На улице Жабьей они зашли в маленькую кофейню (называлась она «Люля»), почти совсем пустую в эту пору, и сели за столик в углу. С минуту они молча разглядывали друг друга, как бы заново знакомясь. Лицо Чижа, казалось, окаменело. Морщины сходились у плотно сжатого рта, а губы, в молодости довольно пухлые и розовые — Казимеж хорошо это помнил,— стали теперь тонкими и упрямыми. Спыхала отметил про себя, что они производят просто неприятное впечатление. Ему жаль было того свежего и очень розовощекого мужчину: сейчас перед ним сидел какой-то серый и совершенно незнакомый человек. Но, обнаружив в Стасе эти перемены, он, однако, не сделал для себя никаких выводов. Потом он упрекал себя. В самом деле, для дипломата это было непростительной ошибкой.
Наконец, кладя перчатки на стол возле своей чашки, Спыхала нетерпеливо заговорил:
— Видишь, мы опрометчиво растратили самый ценный капитал нашей операции: внезапность.
Стась Чиж не проронил ни слова, он только беспокойно заерзал на стуле. А Спыхала и не ждал ответа.
— Ну, рассказывай,— повелительно обратился он к Чижу,— как ты?
— Что я? Попал как кур во щи. До этого был в лесу.
— Верно. Я тебя не видал.
— Да нет, я уж тут болтаюсь не первый день. Просто не встречались.
— Так,— продолжал допрос Спыхала.— А братья?
— Погибли. Двое — в Катыни, один — в Освенциме. Двое осталось. Один в Лондоне, другой здесь.
— Да, так-то. А что ты делал все эти двадцать лет?
— Мотался по маленьким гарнизонам. Кельцы, Грудзендз.
— Скучал?
— Времени не было. Были жена, сын.
— Теперь нет?
— Теперь нет. Свободен, как птица.
— Да, вот тебе и свобода.
— А ты? Я только фамилию твою встречал... В верхах...
— Надеюсь, ты уже позабыл ее.
— Знаю, ты майор Котляж.
— Верно.
Они внимательно посмотрели друг на друга.
— Ну и что ты на все это скажешь? — спросил Казимеж.
— Что я? Я мелкая сошка,— с наигранной скромностью проговорил Чиж.
— Мама твоя умерла? — неожиданно спросил Спыхала.
— Умерла.
— А мой отец жив,— словно хвастаясь, сказал Казимеж.
— Правда? — безучастно спросил Чиж, тон его делался все холоднее.
— Ну скажи, что ты думаешь обо всем этом балагане?

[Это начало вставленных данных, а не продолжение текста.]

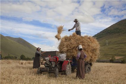 聯(lián)合收割機已在高原大地施展威力。那些平坦的大地里,拖拉機的穿梭,收割機的鳴唱,耳聞目睹,隨外可見(jiàn)。在山地間,大型機械無(wú)法進(jìn)入的地方,原始的勞作仍沒(méi)失去它本身的價(jià)值。“汗滴禾下土,粒粒皆辛苦”的場(chǎng)面仍然存在……農人的歡歌喜語(yǔ)浸漫于天地間,豐收的喜悅早把辛勤的勞作沖淡。
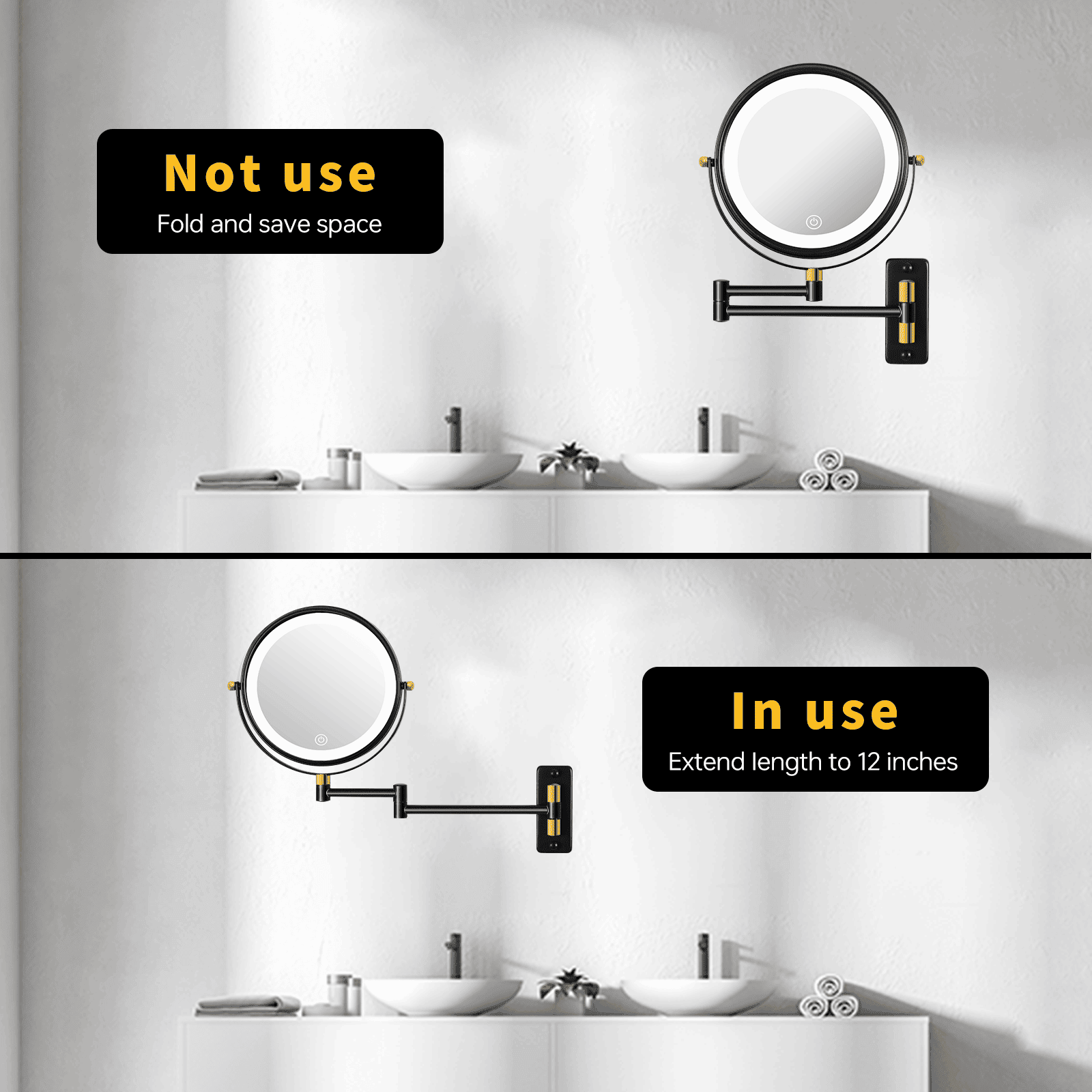 360 DEGREE SWIVELING DESIGN: This mirror features a 360-degree swivel and extension arm, which allows you to easily adjust and fix the angle of the mirror to meet different usage needs. You can freely adjust the angle and position of the mirror to enjoy a more convenient and comfortable using experience.
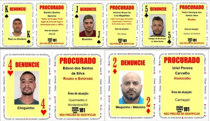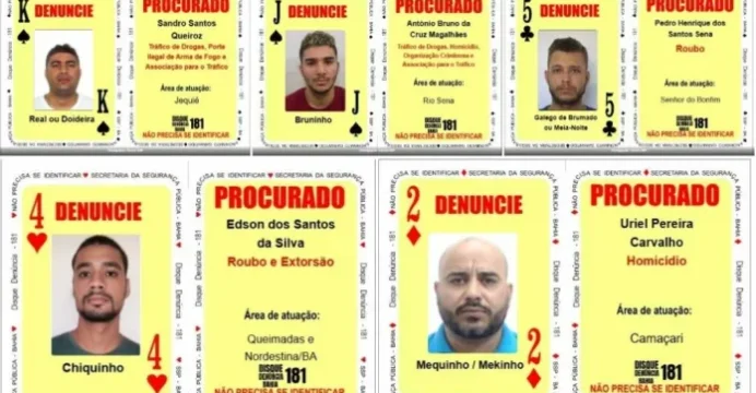 Informações que auxiliem na localização dos fugitivos podem ser enviadas pelo Disque Denúncia, pelo número 181, sob total sigiloA Secretaria da Segurança Pública da Bahia realizou a primeira atualização de 2025 do Baralho do Crime, ferramenta destinada a divulgar foragidos da Justiça envolvidos em crimes graves. Nesta edição, foram incluídas novas cartas nos naipes de Espadas, Paus, Copas e Ouros. A carta “Rei de Espadas” passa a ser ocupada por Sandro Santos Queiroz, conhecido como “Real” ou “Doideira”. Ele é líder de uma organização criminosa e é procurado por porte ilegal de arma de fogo, tráfico de drogas e associação para o tráfico em diversos bairros de Jequié. Em 2015, Sandro foi alvo da operação ‘Moeda Real’ e preso em Cuiabá. Antônio Bruno da Cruz Magalhães, conhecido como “Bruninho”, assume o posto de ‘Valete de Espadas’. Com dois mandados de prisão por homicídio, organização criminosa, associação e tráfico de drogas, o fugitivo atua na região do bairro Rio Sena, em Salvador. O foragido ainda mantém ligação com Luiz Henrique Santos Souza, conhecido como “Demorô” ou “Rick”, atual ‘Quatro de Ouros’. “Bruninho” também coordena grupos armados para eliminar traficantes rivais e disputar o controle territorial. A carta ‘Cinco de Paus’ passa a exibir Pedro Henrique dos Santos Sena, conhecido como “Galego de Brumado” ou “Meia-Noite”. Ele atua na cidade de Senhor do Bonfim, no Norte do estado, e possui mandado de prisão por tráfico de drogas, além de ser apontado como responsável pela guarda e distribuição de drogas e fornecer armas utilizadas em execuções realizadas por um grupo criminoso. Procurado pelos crimes de roubo e extorsão, Edson dos Santos da Silva, conhecido como “Chiquinho”, foi incluído na carta ‘Quatro de Copas’. Ele atua nos municípios de Queimadas e Nordestina. Já Uriel Pereira Carvalho, conhecido como “Mequinho” ou “Mekinho”, ocupa a posição do ‘Dois de Ouros’. Procurado por homicídio, ele é apontado como o chefe do tráfico de drogas em Camaçari, na Região Metropolitana de Salvador. Em 2024, ele ordenou o espancamento até a morte de um homem, cuja vítima teve o corpo abandonado pelos agressores. O Baralho do Crime segue disponível para consulta pública. Informações que auxiliem na localização dos fugitivos podem ser enviadas pelo Disque Denúncia, pelo número 181, sob total sigilo.
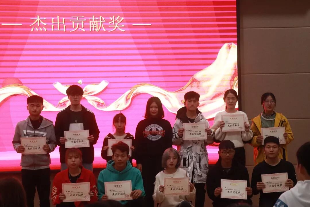 接着颁发的是杰出贡献奖,获奖同学有:嵇志冲、郭鹏、王佩瑶、马一鸣、刘新琦、杨玉珊、李亚男、王晓青、杨乐、蔡文博、米天娇,由纪委主任于晓君为他们颁奖。
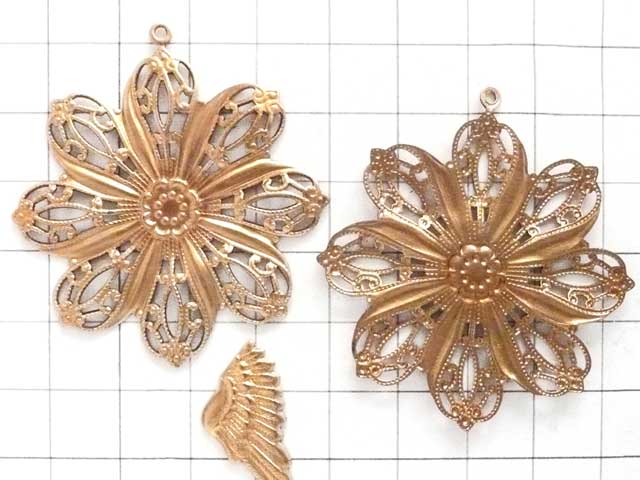 スタンピング 透かし花 1カン 真鍮1カン付きのお花モチーフ。花びらの透かし模様がとてもきれいです。プレス機で型抜きしたままなので、ふちが切りっぱなしです。直に肌に触れる際は、紙ヤスリをかけた方が良いかもしれません。50mm×46mm 厚さ0.7mm
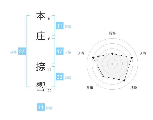本庄 捺響さんを姓名の画数から五運を鑑定
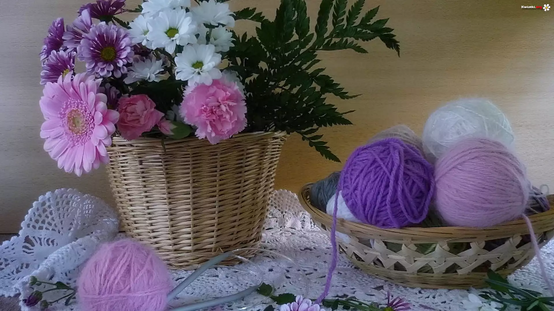 Kwiat Kompozycja, Kwiaty, Goździki, Gerbery, Kłębki, Włóczki, Koszyk, Koszyczek, Serwetki
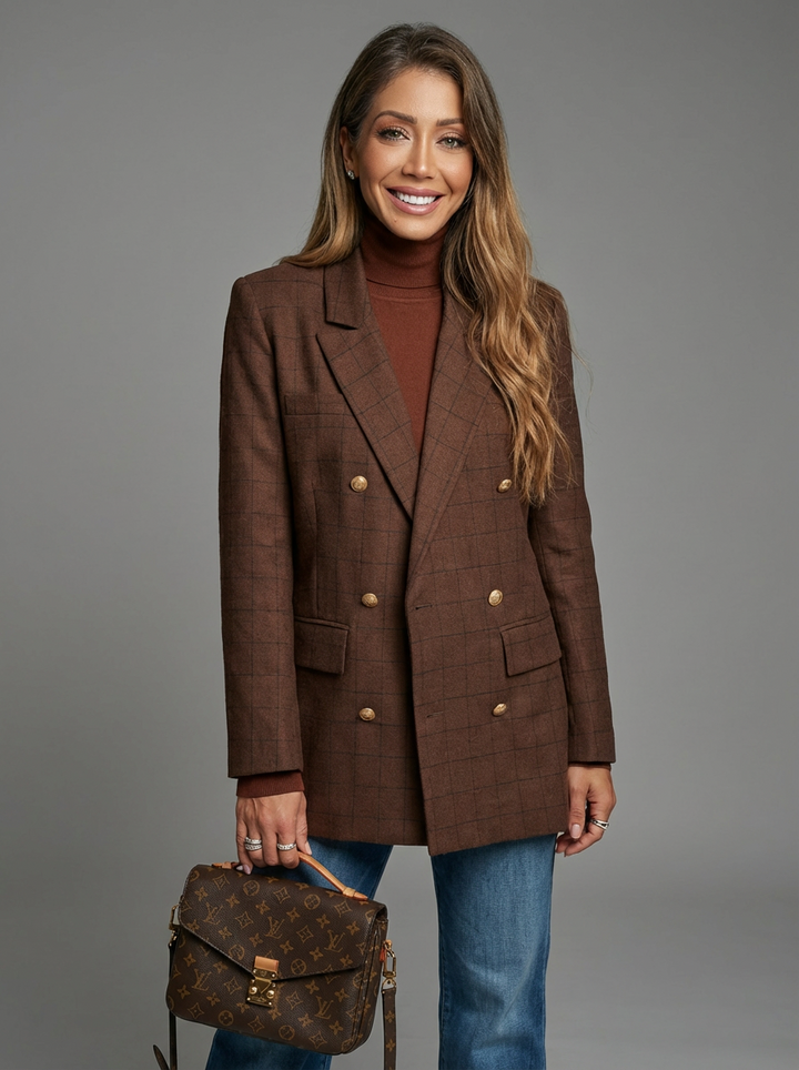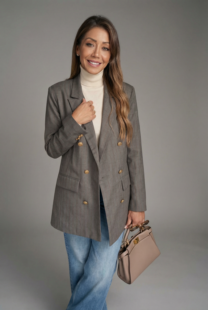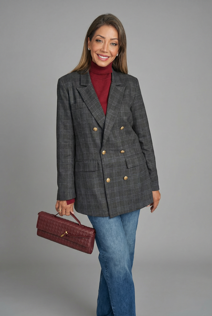 سترة كلاسيكية وخالدة من الصوف مزدوجة الصدر مع تفاصيل أزرار ذهبية عتيقة معدنية ووسادات كتف. مبطنة بساتان عالي الجودة. قطعة لهواة الجمع يجب اقتناؤها هذا الشتاء والعديد من الشتاءات القادمة.
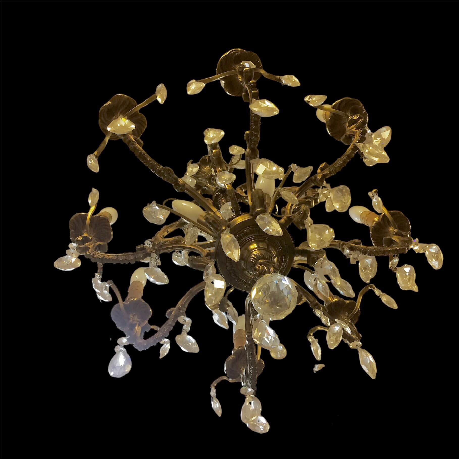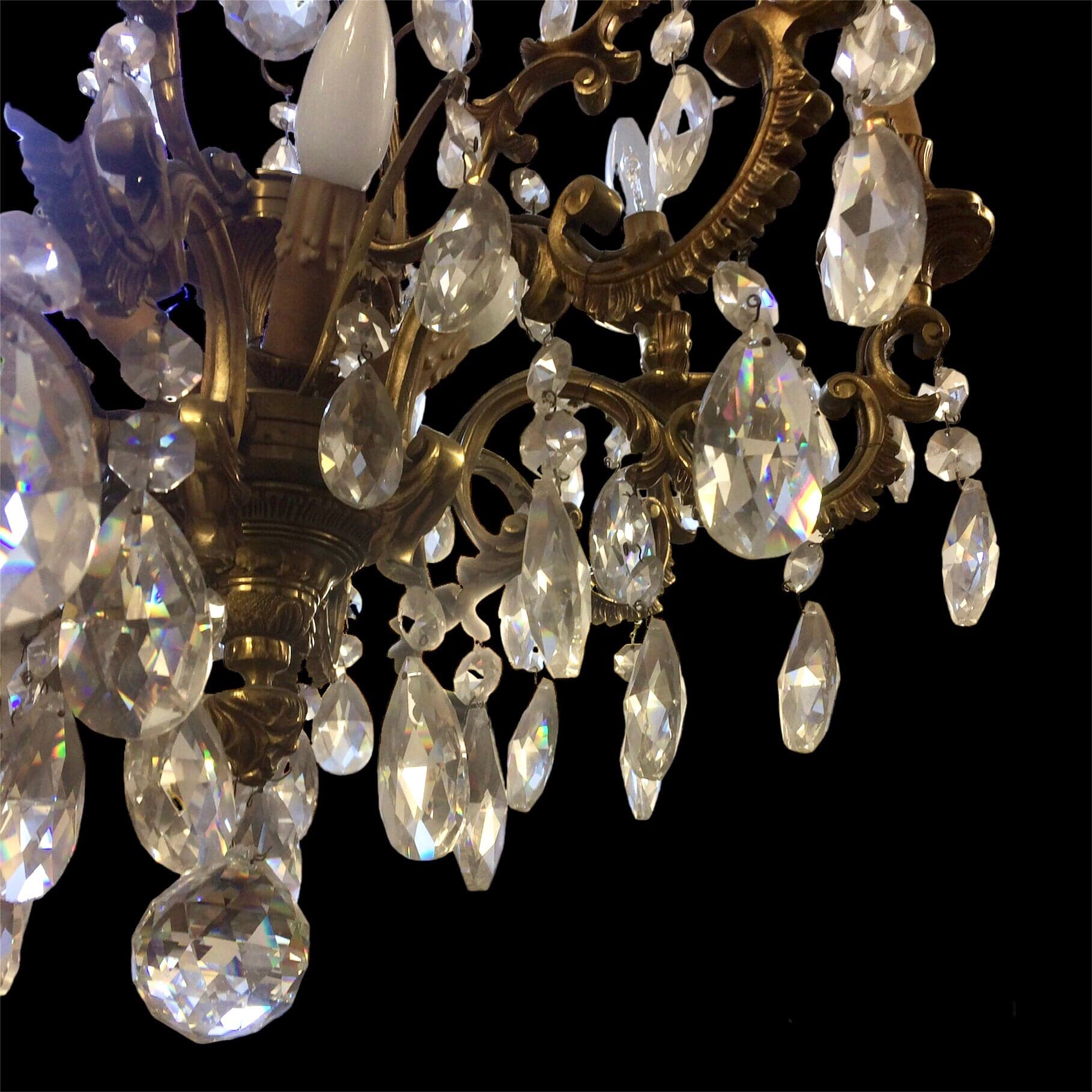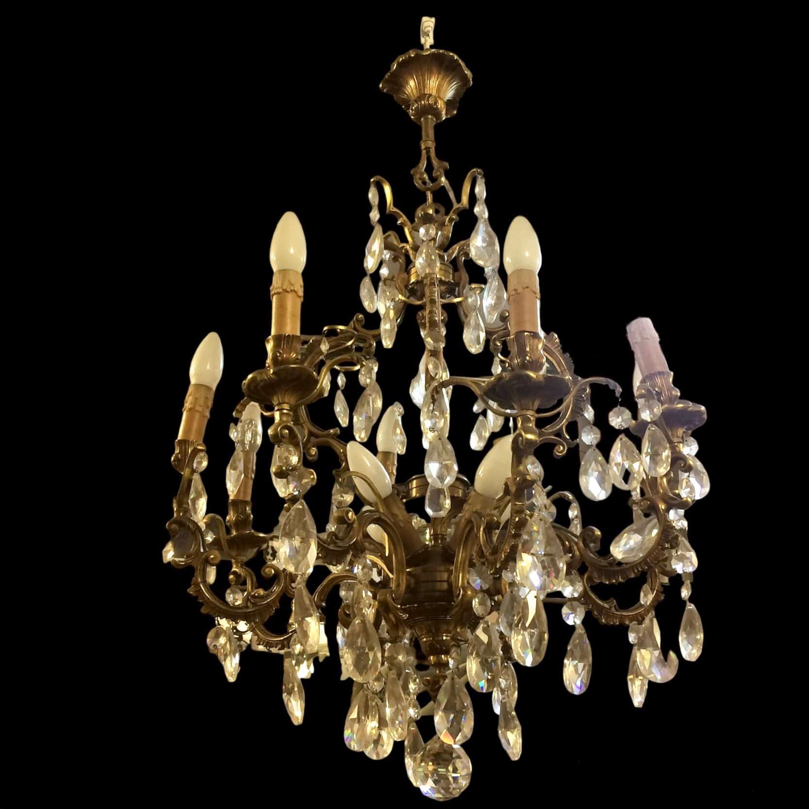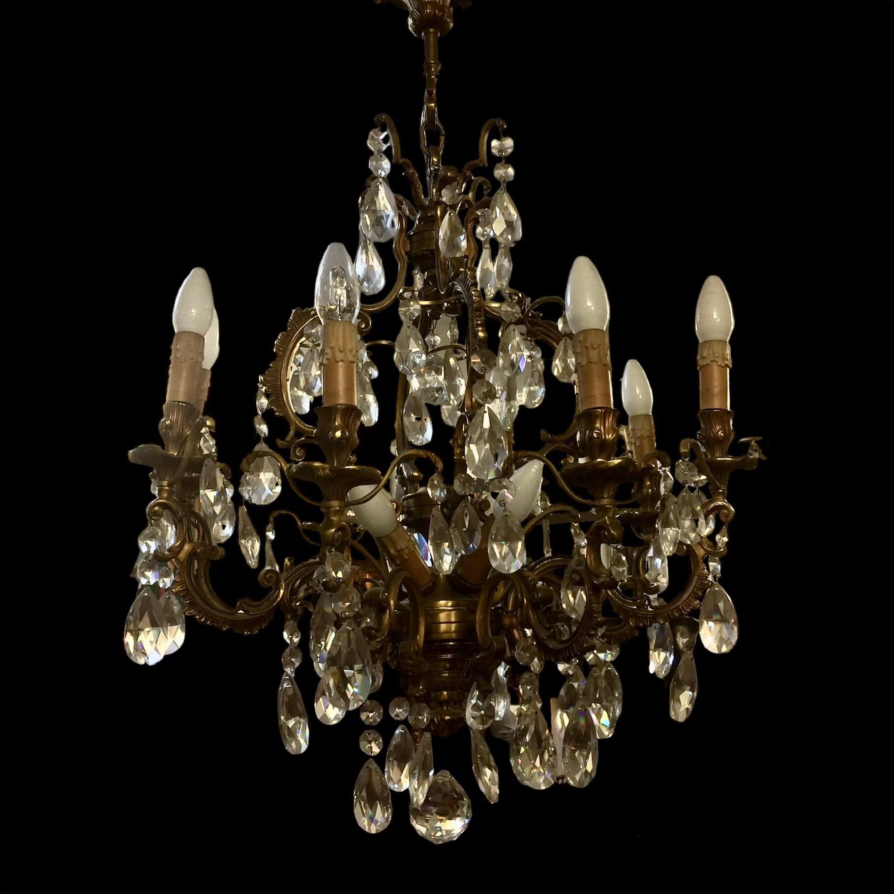 Spectacular bronze ceiling lamp and Swarovski crystal tears. With an elegant eight-arm design and a total of 12 lights, it can illuminate and have presence in large spaces. It has candle simulator covers and plugs working in perfect condition.

Чиж неопределенно пожал плечами.
— То говорят, что восстания не будет, то будет. Утром так, днем эдак. Ведь даже приказов вовремя не доставили.
Чиж снова что-то пробормотал.
— Почему?— проговорил он немного погодя.— У них было сегодня целое утро.
— Да помилуй же, что ты,— Спыхала всплеснул руками,— всего несколько часов! Ведь это же должна быть мобилизация. А разве мы можем думать о каком-то наступлении? И с обороной ничего не получится, все выкипит. И баста.
— Те тоже молоды. — Чиж неопределенно кивнул на улицу.
— И оттого, что молоды, они должны гибнуть? Их перережут, как баранов.
— В лучшем случае перестреляют.— Тон Чижа становился все более натянутым.
— Ты ведь слышал, что говорили и сегодня и вчера. Если не хватит оружия, раздать топоры, кирки и ломы. Слышишь,
Стась? — с отчаянием в голосе повторил Спыхала,— топоры, кирки, ломы. После шести лет подготовки — вдруг импровизация.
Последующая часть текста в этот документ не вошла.